● **Task brief**:
Exclude all pictures. Then restate, word for word, the entries from the first line through the line that contains "Nerezová vakuově izolovaná".

Source data
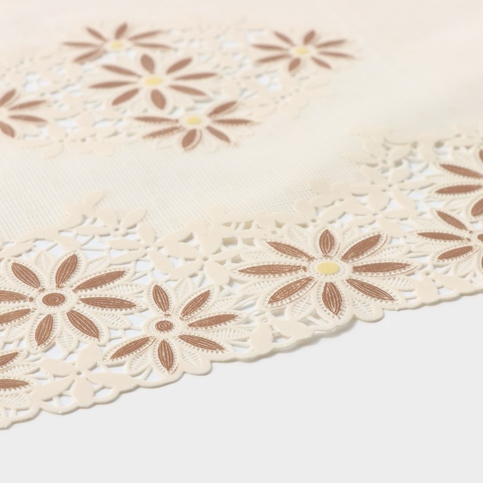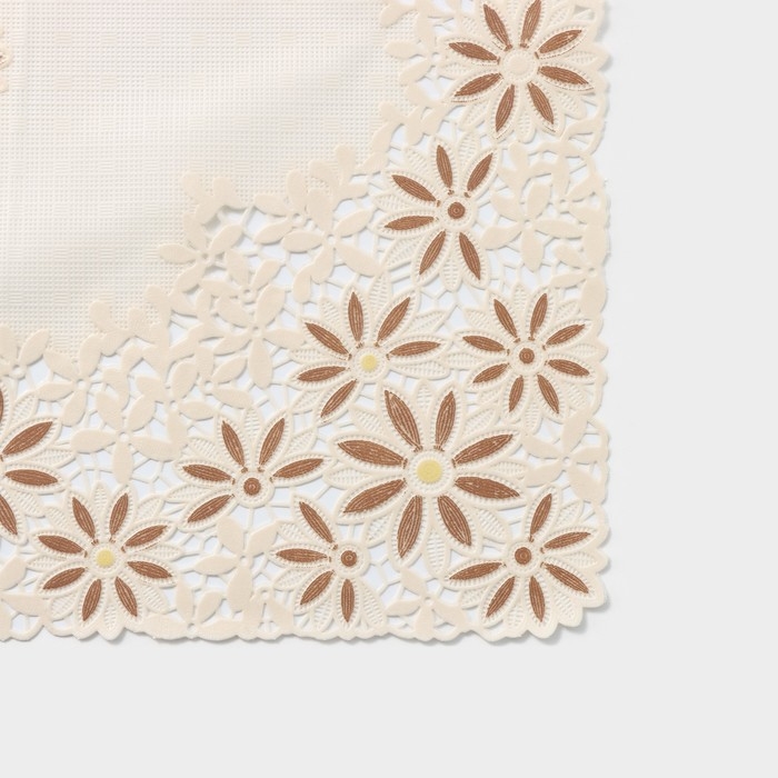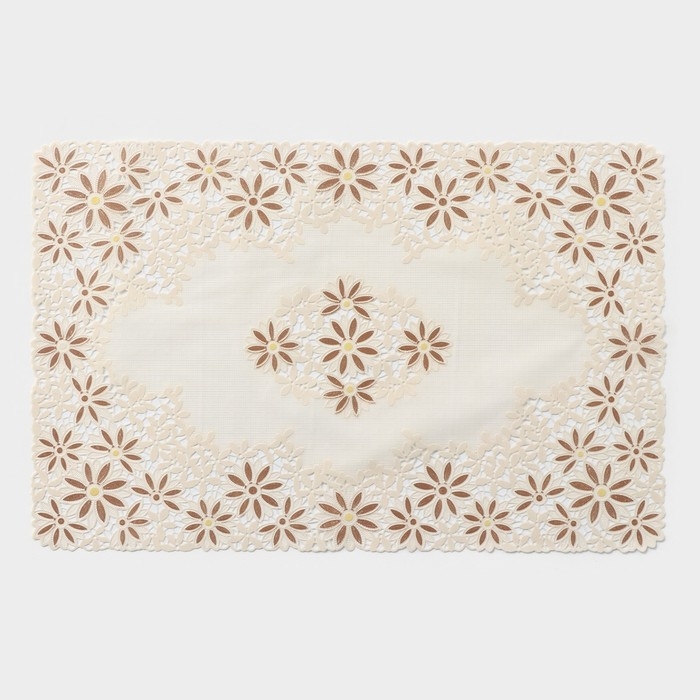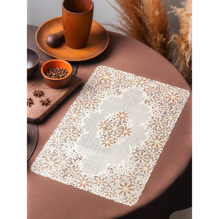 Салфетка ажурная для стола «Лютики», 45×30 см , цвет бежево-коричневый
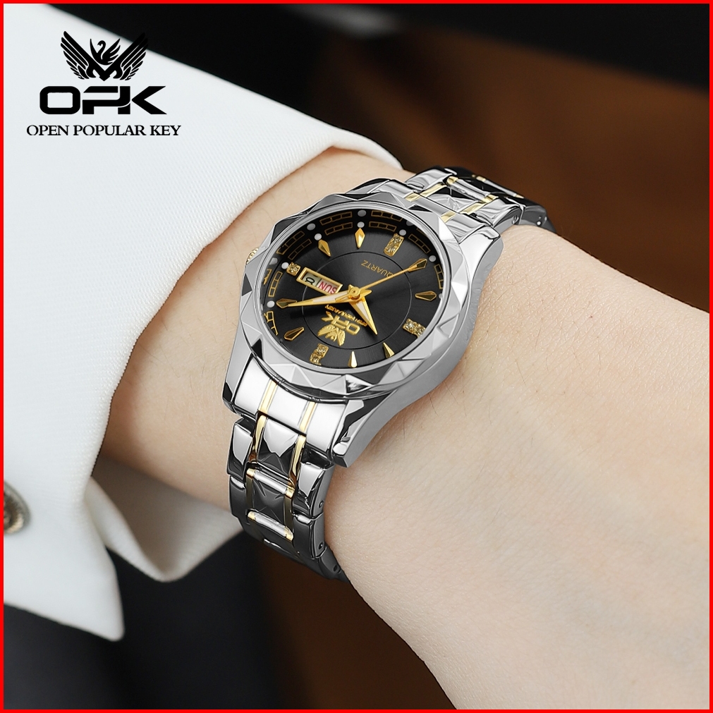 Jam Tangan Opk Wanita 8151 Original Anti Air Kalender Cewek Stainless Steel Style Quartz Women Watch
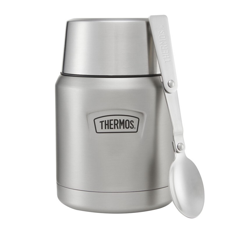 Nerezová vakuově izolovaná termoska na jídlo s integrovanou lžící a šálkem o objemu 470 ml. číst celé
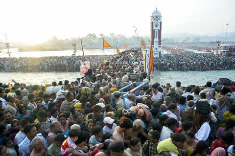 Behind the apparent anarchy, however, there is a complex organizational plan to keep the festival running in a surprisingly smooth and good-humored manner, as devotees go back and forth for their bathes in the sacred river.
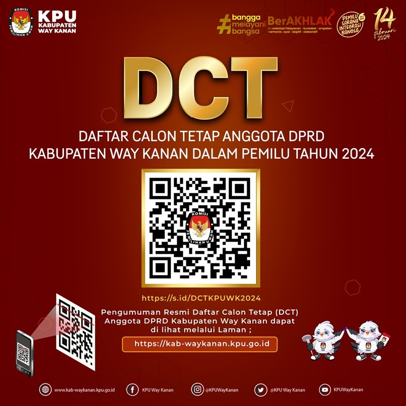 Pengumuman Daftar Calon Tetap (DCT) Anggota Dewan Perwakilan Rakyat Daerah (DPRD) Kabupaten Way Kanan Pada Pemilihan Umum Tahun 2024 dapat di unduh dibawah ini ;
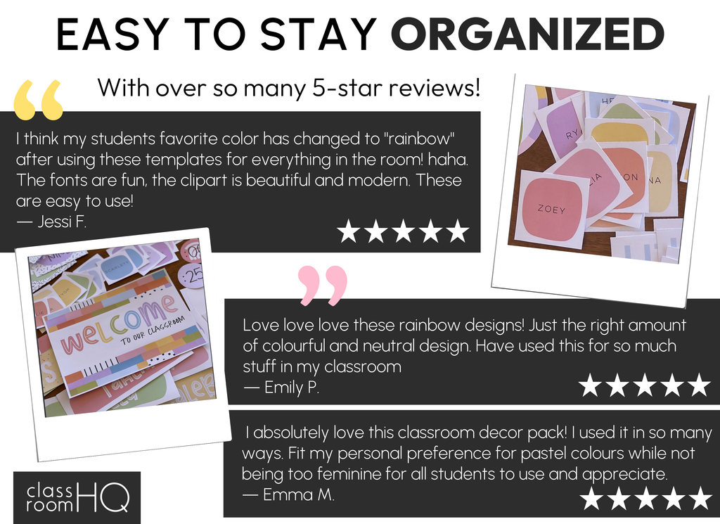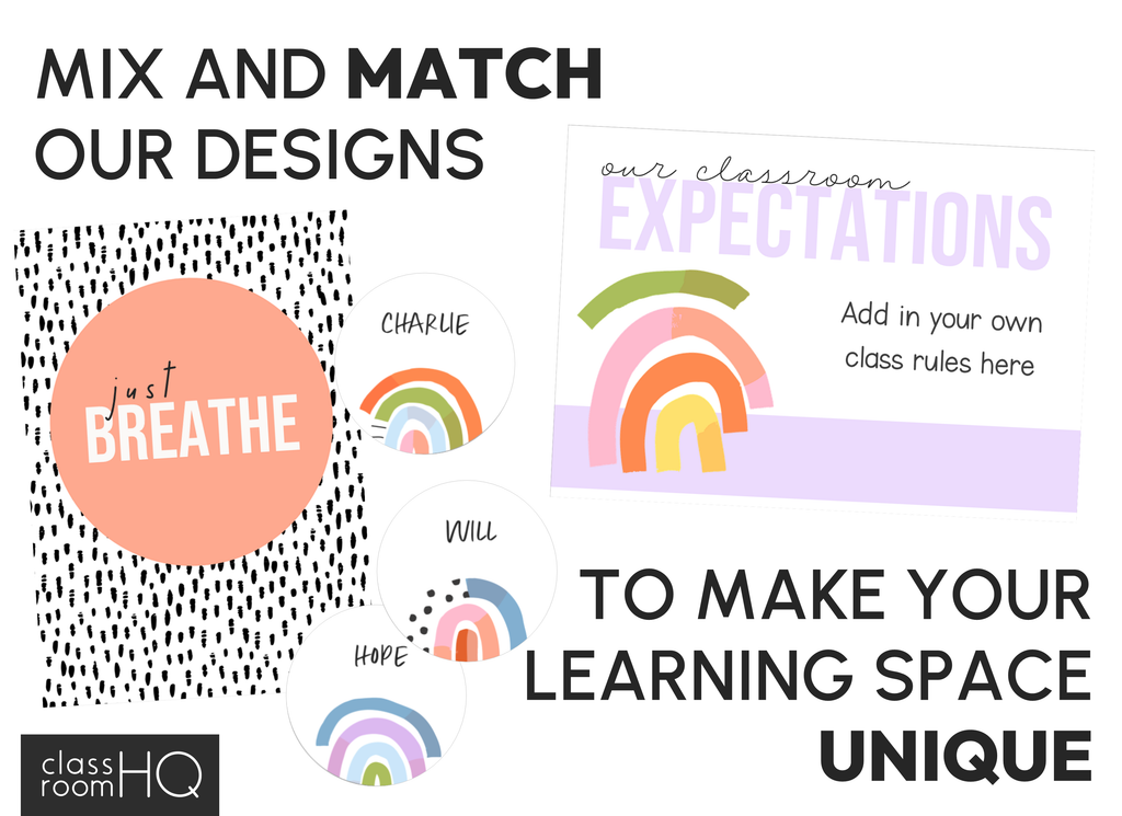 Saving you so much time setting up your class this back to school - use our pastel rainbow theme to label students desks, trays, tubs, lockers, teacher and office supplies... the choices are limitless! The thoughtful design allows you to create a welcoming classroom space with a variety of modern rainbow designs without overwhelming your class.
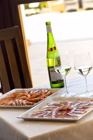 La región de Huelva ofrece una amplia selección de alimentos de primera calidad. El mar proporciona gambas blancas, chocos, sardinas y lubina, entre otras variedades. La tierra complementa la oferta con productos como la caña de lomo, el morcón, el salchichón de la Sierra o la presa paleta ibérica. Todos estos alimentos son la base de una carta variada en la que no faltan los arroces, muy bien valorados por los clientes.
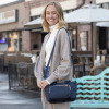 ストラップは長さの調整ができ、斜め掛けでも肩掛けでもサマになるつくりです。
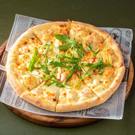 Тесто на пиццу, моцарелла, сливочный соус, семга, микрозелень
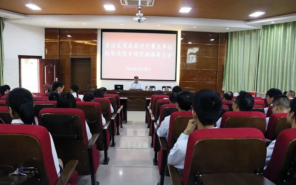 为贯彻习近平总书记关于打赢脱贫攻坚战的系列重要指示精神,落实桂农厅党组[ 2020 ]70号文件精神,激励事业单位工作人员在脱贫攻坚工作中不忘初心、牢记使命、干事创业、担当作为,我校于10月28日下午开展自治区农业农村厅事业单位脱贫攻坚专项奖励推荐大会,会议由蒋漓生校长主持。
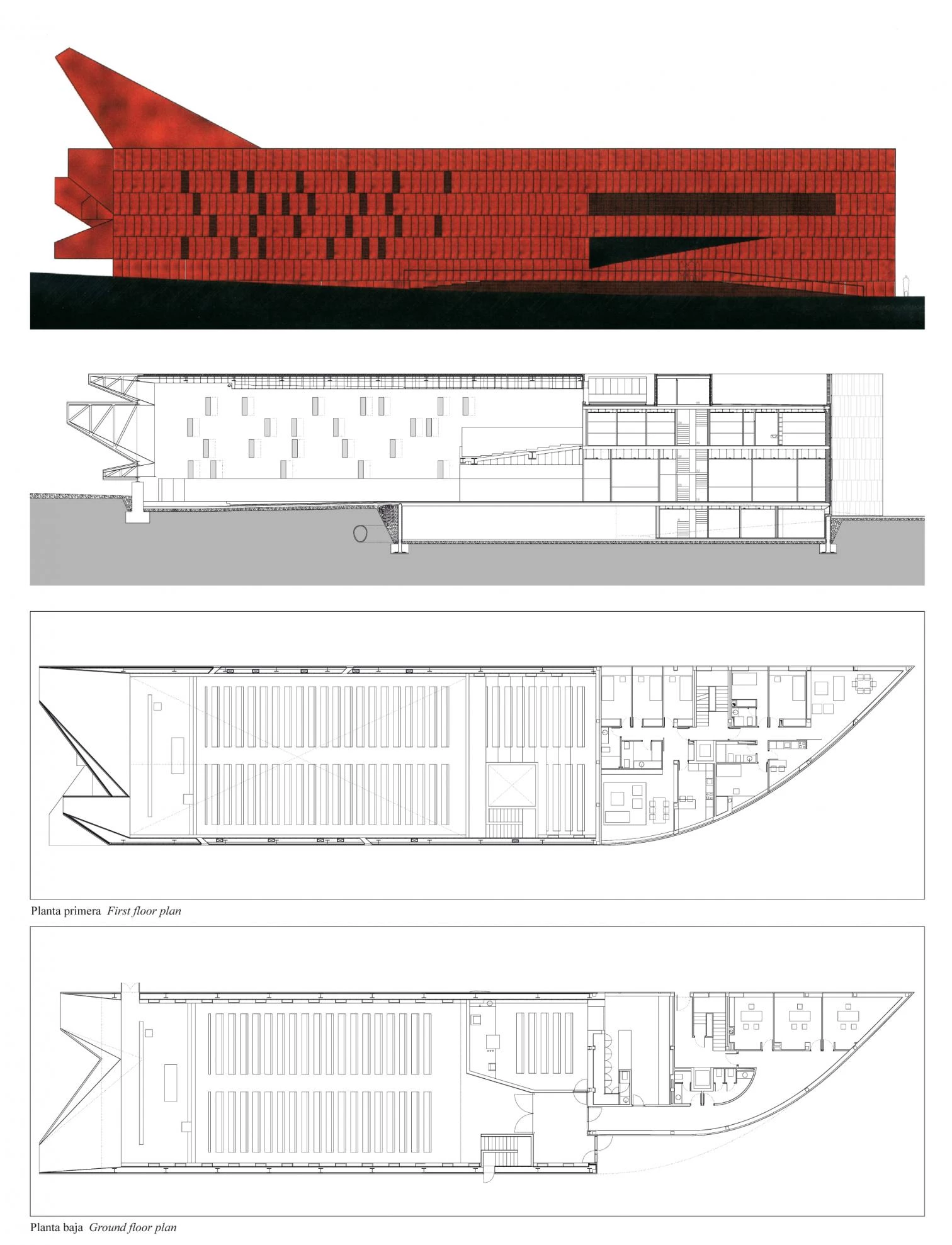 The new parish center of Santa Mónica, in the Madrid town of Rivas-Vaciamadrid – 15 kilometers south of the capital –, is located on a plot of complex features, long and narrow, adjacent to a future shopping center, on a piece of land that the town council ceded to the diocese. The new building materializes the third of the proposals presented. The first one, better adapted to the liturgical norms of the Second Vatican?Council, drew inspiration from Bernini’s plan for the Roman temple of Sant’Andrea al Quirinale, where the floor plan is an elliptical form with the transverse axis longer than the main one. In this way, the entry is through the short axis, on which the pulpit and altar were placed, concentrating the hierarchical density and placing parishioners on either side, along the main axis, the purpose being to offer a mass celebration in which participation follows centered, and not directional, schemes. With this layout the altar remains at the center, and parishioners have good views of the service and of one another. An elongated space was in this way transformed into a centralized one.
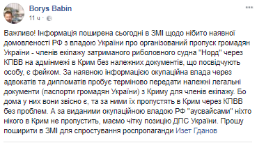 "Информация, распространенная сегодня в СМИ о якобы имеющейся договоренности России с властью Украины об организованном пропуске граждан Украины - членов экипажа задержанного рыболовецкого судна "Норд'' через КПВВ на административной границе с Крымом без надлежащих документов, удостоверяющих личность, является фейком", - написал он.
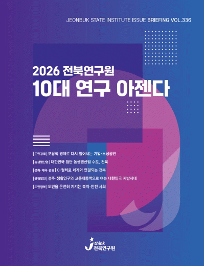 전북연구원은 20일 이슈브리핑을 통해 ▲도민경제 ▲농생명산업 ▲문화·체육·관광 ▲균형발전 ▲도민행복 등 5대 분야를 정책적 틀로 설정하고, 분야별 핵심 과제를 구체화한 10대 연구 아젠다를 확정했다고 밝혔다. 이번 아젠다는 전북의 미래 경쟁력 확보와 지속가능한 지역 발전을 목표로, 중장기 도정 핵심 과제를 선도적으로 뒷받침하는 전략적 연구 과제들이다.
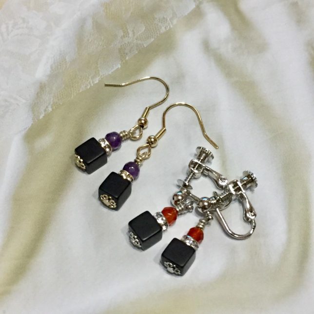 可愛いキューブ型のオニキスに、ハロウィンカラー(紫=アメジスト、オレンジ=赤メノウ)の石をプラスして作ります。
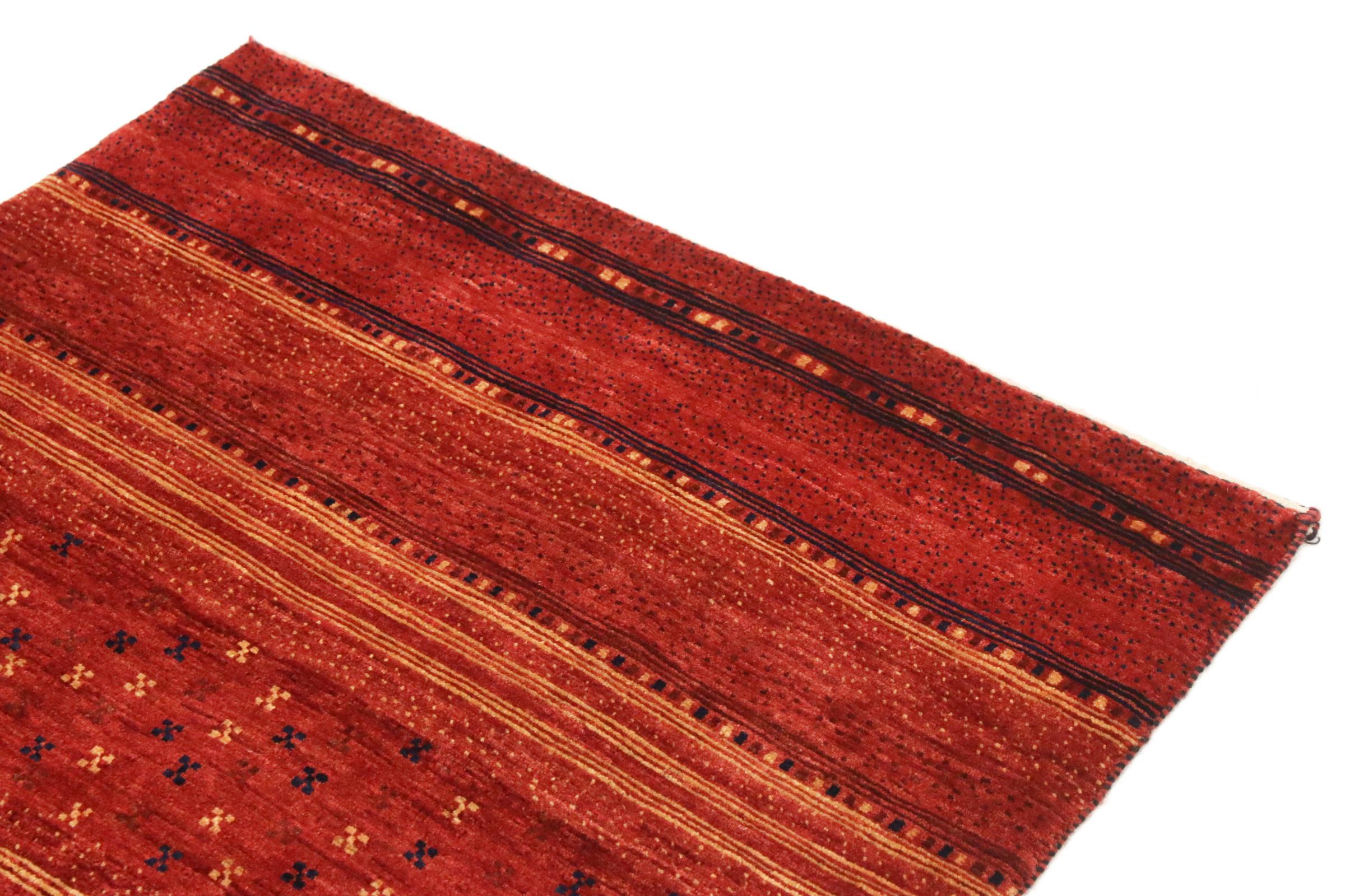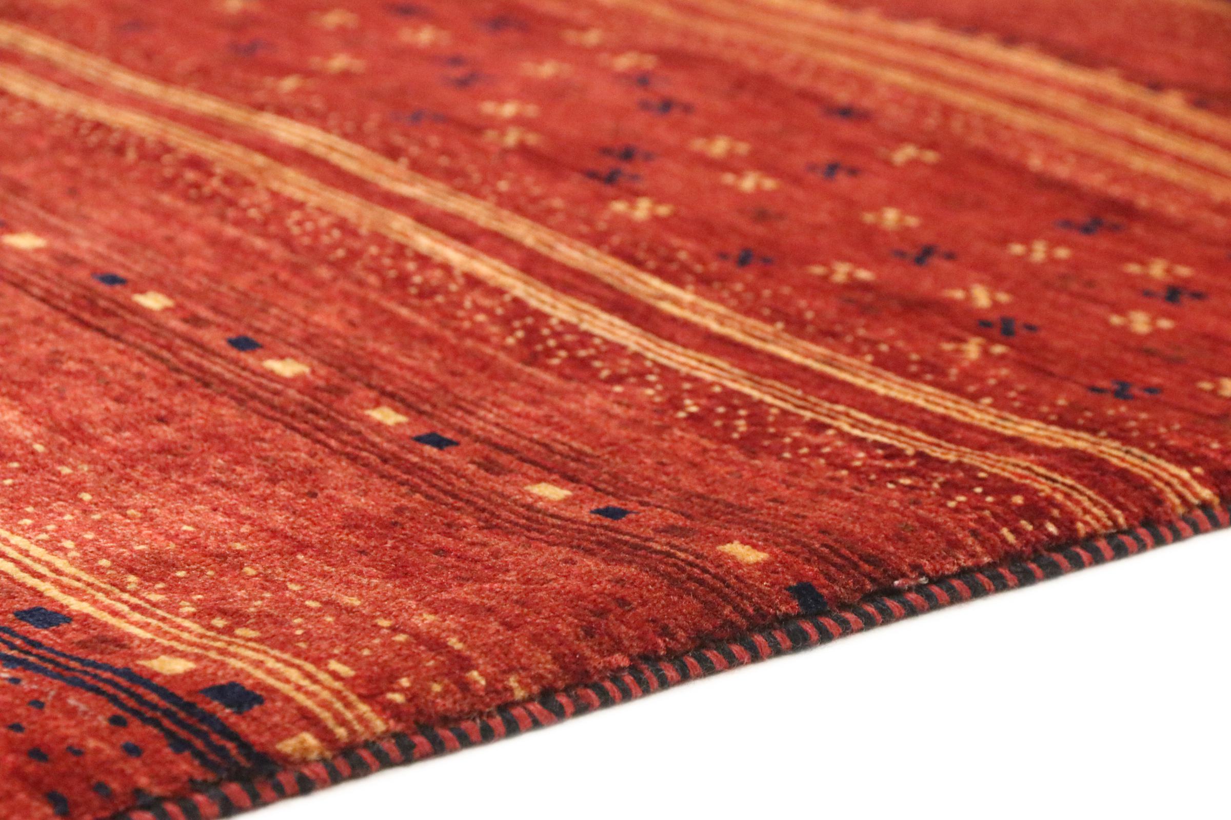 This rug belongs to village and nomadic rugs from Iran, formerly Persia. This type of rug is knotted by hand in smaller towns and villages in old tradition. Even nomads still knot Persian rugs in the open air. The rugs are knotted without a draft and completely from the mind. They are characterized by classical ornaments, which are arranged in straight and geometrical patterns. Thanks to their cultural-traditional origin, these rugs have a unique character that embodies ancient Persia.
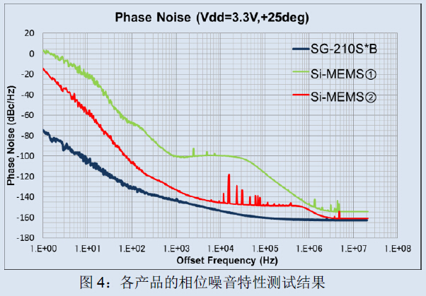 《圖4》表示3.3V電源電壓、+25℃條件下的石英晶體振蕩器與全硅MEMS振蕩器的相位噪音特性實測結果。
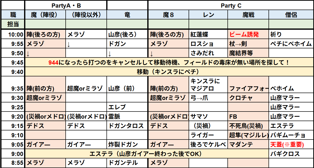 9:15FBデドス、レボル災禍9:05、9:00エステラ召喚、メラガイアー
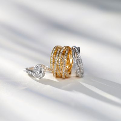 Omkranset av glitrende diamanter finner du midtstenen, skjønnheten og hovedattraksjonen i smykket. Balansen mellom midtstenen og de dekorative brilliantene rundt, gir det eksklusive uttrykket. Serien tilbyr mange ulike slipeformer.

● **Exercise result**:
 Салфетка ажурная для стола «Лютики», 45×30 см , цвет бежево-коричневый
 Jam Tangan Opk Wanita 8151 Original Anti Air Kalender Cewek Stainless Steel Style Quartz Women Watch
 Nerezová vakuově izolovaná termoska na jídlo s integrovanou lžící a šálkem o objemu 470 ml. číst celé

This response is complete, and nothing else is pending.